Comme quoi les coups d'Etat militaires ne sont pas toujours mauvais pour les affaires.
Les députés nigérians sur des standards européens
Enfin, il y a la catégorie de ceux pour qui l'argent semble moins tabou : ce sont plutôt les pays anglophones.
Ainsi peut-on trouver sans trop d'efforts sur internet qu'un député en Afrique du Sud touche un salaire mensuel de 5.700 euros, son homologue kényan bénéficie de près de 300 euros de plus, tandis qu'un député nigérian se hisse à la deuxième place sur le continent, derrière la RDC, avec près de 9.400 euros par mois.

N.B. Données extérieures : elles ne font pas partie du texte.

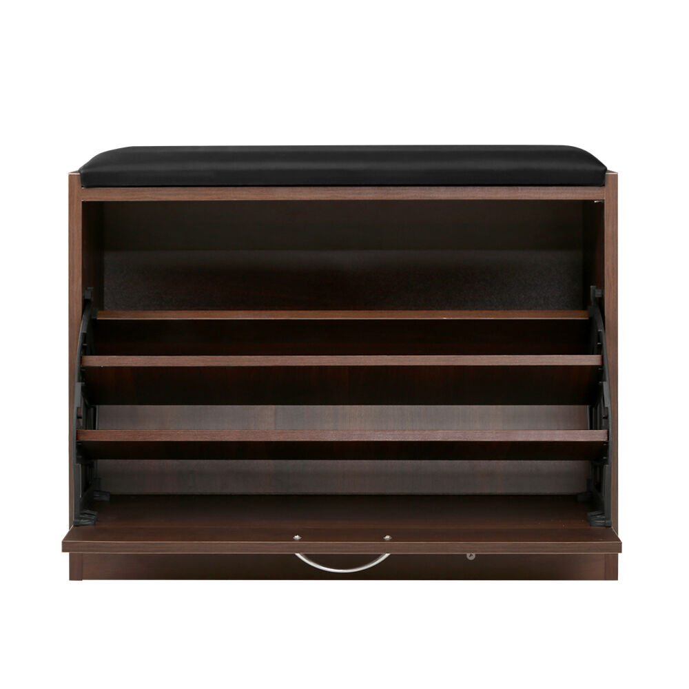 $73.14Get yourself a shoe cabinet with an aesthetic difference. Our Artiss Shoe Storage Bench adds a touch of luxury and multi-functionality to the ubiquitous shoe cabinet. On first impression, it looks just like a plush PU leather stool. Pull down the front panel and you find three tiers of adjustable shoe shelves with ample space for up to 15 pairs of various footwear (depending on shoe sizes). Made from quality particle board, the bench is sturdy and finished in melamine for durability and easy maintenance. Not least, its thoughtful design means that you can place it in your hallway or entrance for a neat and tidy look that blends seamlessly with your home decor. So remove the clutter and get organised with our shoe storage bench. We are sure it will fit right in with your discerning taste for all things stylish and chic.
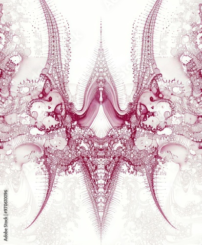 © AURA COLLECTIONS, Obraz premium Abstract fractal art in shades of pink and white on a white background.

Ce qui correspond, plus ou moins, au salaire d'un député allemand ou d'un eurodéputé à Bruxelles.
En termes de transparence toujours, il faut accorder une mention spéciale au Kenya qui dévoile aussi sur internet le salaire du président de la République qui est de... 12.000 euros par mois.
Dépenser l'argent public en toute impunité
Le principal souci, bien entendu, est que les députés, comme les chefs d'Etat et les ministres, sont payés avec de l'argent public. Or, on peut s'interroger sur l'utilisation de cet argent quand on note l'écart entre le montant mensuel de ces rémunérations et la richesse produite chaque mois par habitant dans les pays africains.
L'infographie précédente montre qu'il n'y a pas que les députés congolais qui vivent en dehors des réalités.
Des pays plutôt prospères comme le Bénin et le Nigeria, mais aussi parmi les plus pauvres du monde comme le Niger, le Tchad, la République centrafricaine et le Mali, ont des députés qui touchent des salaires qui sont 40 à 50 fois supérieurs à la richesse par tête créée chaque mois dans ces Etats.
Seul le Gabon présente un écart à peu près acceptable.
Cela s'appelle vivre au-dessus de ses moyens. On pourrait parler aussi d'un manque évident d'empathie pour le sort du reste de la population mais nous n'avons pas voulu ajouter à cette enquête, à titre de comparaison, le taux de pauvreté de ces pays pour ne pas trop noircir le tableau.